■ Try it: Your answer must be the exact lines of the listing below that run from the line with "Автостекло Профи46, автосервис" to the line with "鳥居をくぐり、元就や一族の墓所などがある参道を歩きます。", ends included, and no pictures.

■ Data supplied:
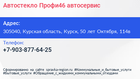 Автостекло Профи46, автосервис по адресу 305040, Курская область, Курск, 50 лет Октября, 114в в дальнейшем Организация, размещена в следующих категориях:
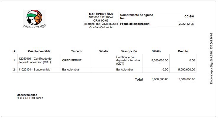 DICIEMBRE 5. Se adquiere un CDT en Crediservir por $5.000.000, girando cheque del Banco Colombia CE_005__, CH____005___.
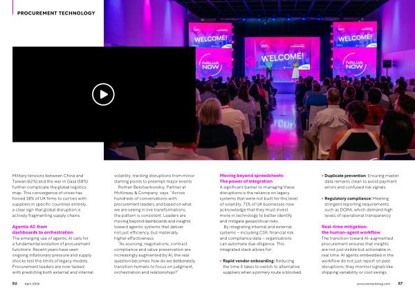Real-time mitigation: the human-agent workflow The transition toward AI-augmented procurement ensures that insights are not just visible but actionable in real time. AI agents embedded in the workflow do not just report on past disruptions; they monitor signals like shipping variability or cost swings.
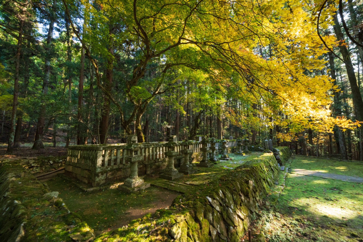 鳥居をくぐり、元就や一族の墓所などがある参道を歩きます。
...
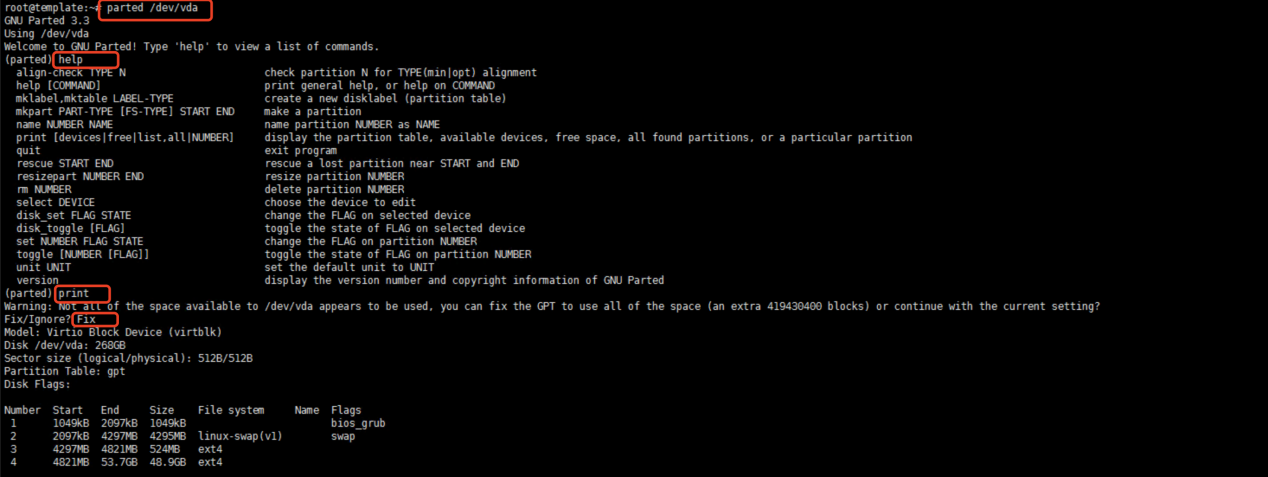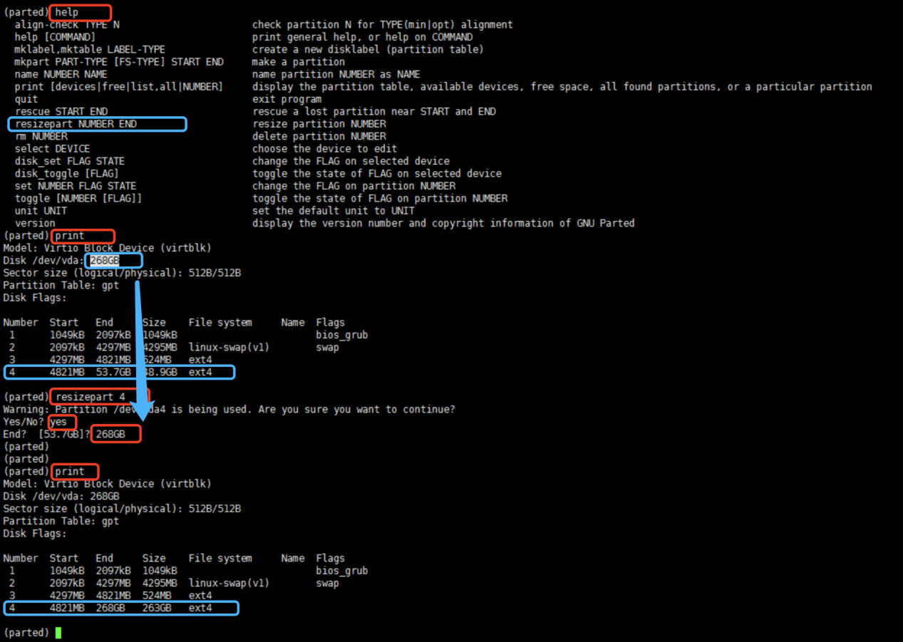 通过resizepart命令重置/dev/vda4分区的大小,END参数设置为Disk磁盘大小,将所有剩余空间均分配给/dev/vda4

■ Exercise output:
 Автостекло Профи46, автосервис по адресу 305040, Курская область, Курск, 50 лет Октября, 114в в дальнейшем Организация, размещена в следующих категориях:
 DICIEMBRE 5. Se adquiere un CDT en Crediservir por $5.000.000, girando cheque del Banco Colombia CE_005__, CH____005___.
Real-time mitigation: the human-agent workflow The transition toward AI-augmented procurement ensures that insights are not just visible but actionable in real time. AI agents embedded in the workflow do not just report on past disruptions; they monitor signals like shipping variability or cost swings.
 鳥居をくぐり、元就や一族の墓所などがある参道を歩きます。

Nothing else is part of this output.